I leaned forward as she tried to say something.
"Bennie." It was a barely audible whisper.
"Don't try to talk, Auntie." I reached out to touch her.
"No," she said. "No." She clutched my hand and sighed.
"My child," she said, "my lost treasure."
"Auntie -- "
"No. Listen. This needs to be said. Before I die . . . must be told."
Told what?
"Not . . . not your aunt."
"Auntie -- "
"I'm not your aunt!"
Not my aunt?
"Listen to me. Remember . . . remember the night we found each other. That night at . . . at the party. That night . . . the pain . . . the pain of existence."
The pain of existence. She wouldn't let me alone. Bad enough that she'd call me four or five times a day at my workplace. But, she also had this annoying habit of dropping in unannounced at my apartment and more or less demanding sex right then and there. And even when you're not in a particularly lusty mood, it's hard to turn down a needy woman when she's rubbing her nipples against you and grabbing your crotch. It was very inconvenient.

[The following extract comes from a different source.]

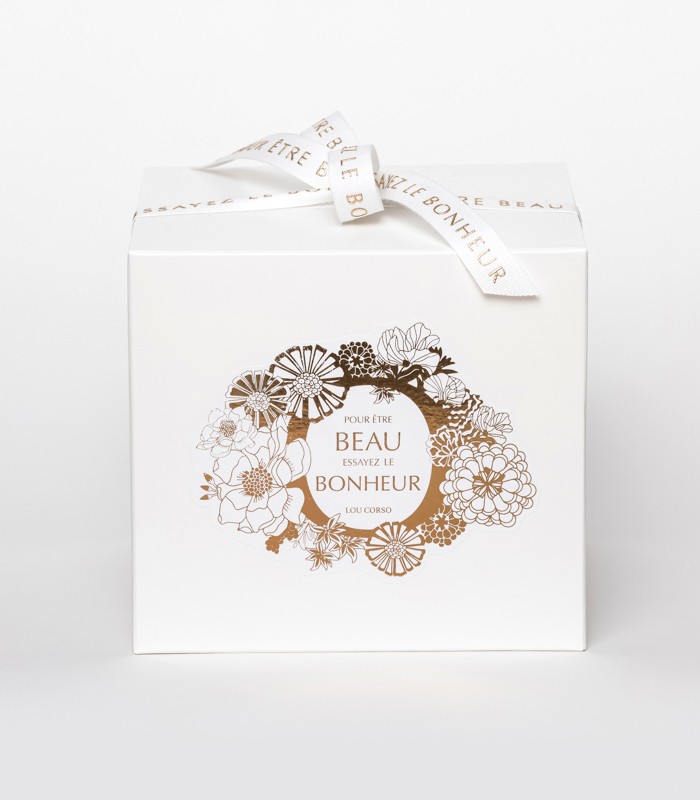 La bougie parfumée Beau Bonheur Parfums de Maison "Lou Corso" développe un accord floral intense et subtil de fleurs blanches printanières qui s'envolent et exalent pour terminer sur la fleur de Tiaré, estivale et chaleureuse pour une ambiance florale et ambrée.

I'd never known a woman as hot to trot as Aggie. She was obsessed with sex. On the nights she slept over, I'd all too often awaken early to find her tightly clutching my morning erection and -- full bladder or not -- be compelled to stick it right into her. In public, she'd pull me over into a semi-concealed spot -- into the bushes or an unoccupied restroom -- and just bend over and flip up her skirt. It was embarrassing. It was exasperating. It was a mad, exciting whirl. And I didn't know how much more of it I could handle.
Maybe she had gotten careless about taking her Pill. Or possibly it was a deliberate ploy to bind me to her. In any case, it happened. She somehow got pregnan
t.
I stumbled out of that hospital room and barely managed to make it to the parking lot before I puked my guts out. The rest of that day was a blur. I just couldn't face Aunt Agatha, or myself, any more.
That evening I got a phone call. Agatha had died earlier in the day. Just minutes after I had left her. I'd had my fill of Aggie. More than my fill. Sure, the sex was fine, better than fine even. But, I just couldn't deal with a pregnant woman. A pregnant woman carrying my child. Who absolutely insisted on bearing that child. And who threatened me with dire consequences if I didn't assume my share of the responsibility. If I didn't marry her.
I wished she'd go away, just disappear out of my life. I wished hard. Real hard. And, one morning she didn't call me at work. She didn't show up at my apartment that night. Or the next. A week later, when I finally got around to making inquiries about her, no one could tell me anything. She had just plain disappeared.